Investors, lenders and other users of financial statements look to income tax footnote disclosures to evaluate how a company’s operations affect its tax rate and future cash flows. While investors use the disclosure of rate reconciliation tables and total cash paid for income taxes to assess income tax risks and opportunities, they want additional transparency about this information to give them a deeper understanding of the business so they can make sound decisions.
As a result, the Financial Accounting Standards Board (FASB) recently issued Accounting Standards Update (ASU) 2023-09 to improve financial statement disclosures relating to income taxes.
Rate Reconciliation Under ASU 2023-09
Public companies will now be required to show a tabular rate reconciliation, disclosing both percentages and dollar amounts, based on an extensive list of specific requirements (as detailed within the ASU). Additionally, for state and local taxes, public companies must provide a qualitative description of the states and localities that comprise a majority of the effect of the state and local tax category.
For privately held companies, the amendments require qualitative disclosure about specific categories of reconciling items and individual jurisdictions that lead to a significant difference between the statutory rate and the effective tax rate. The statutory rate can differ from the effective rate, due to items such as tax credits and permanent differences between income for income tax purposes and income for financial reporting purposes. Some common examples of permanent differences include meals and entertainment expenses, club dues, penalties and lobbying activities.

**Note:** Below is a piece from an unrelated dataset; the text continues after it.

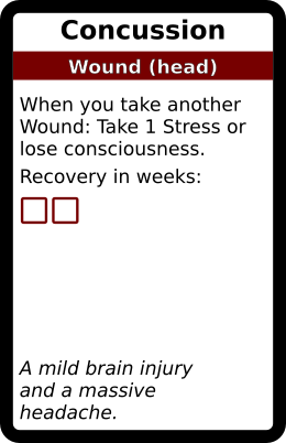 Concussion 1 copy. In galleries: Head Wound deck Horror Cards graphicsCreative Commons Horror Cards game design TRPG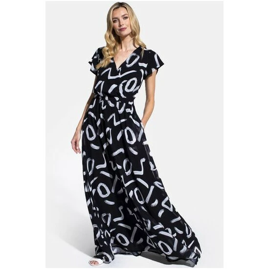 Hot Squash HotSquash Womens Black Chiffon Wrap-Top Maxi Dress

Treatment of Income Taxes Paid Under ASU 2023-09
For all entities (public or private), the update requires annual disclosure of the amount of income tax paid (net of any refunds):
- That is disaggregated by federal, state, and foreign, and
- To any individual jurisdictions in which the net taxes paid equal at least 5% of total net income taxes paid.
Additionally, the amendments require all entities to disclose the following information:
- Income/loss from continuing operations before income tax expense/benefit, to be disaggregated between domestic and foreign operations; and
- Income tax expense/benefit from continuing operations, to be disaggregated by federal, state and foreign.
Lastly, certain disclosures that were previously required for all companies are eliminated under ASU 2023-09. It is no longer necessary to disclose:
- The nature and estimation of future changes in unrecognized tax benefits; or
- The cumulative amount of temporary differences, by type, when a deferred tax liability is not recognized because of exceptions related to subsidiaries and corporate joint ventures.
These disclosures were ultimately deemed no longer relevant to users of the financial statements.
When Does ASU 2023-09 Go into Effect?
For publicly held companies, these amendments are effective for fiscal years beginning after December 15, 2024. For all other entities, the amendments will go into effect for years beginning after December 15, 2025. Early adoption is permissible for any financial statements that have not yet been issued. Overall, implementing these changes is anticipated to be relatively straightforward, while providing increased benefit to users of financial statements.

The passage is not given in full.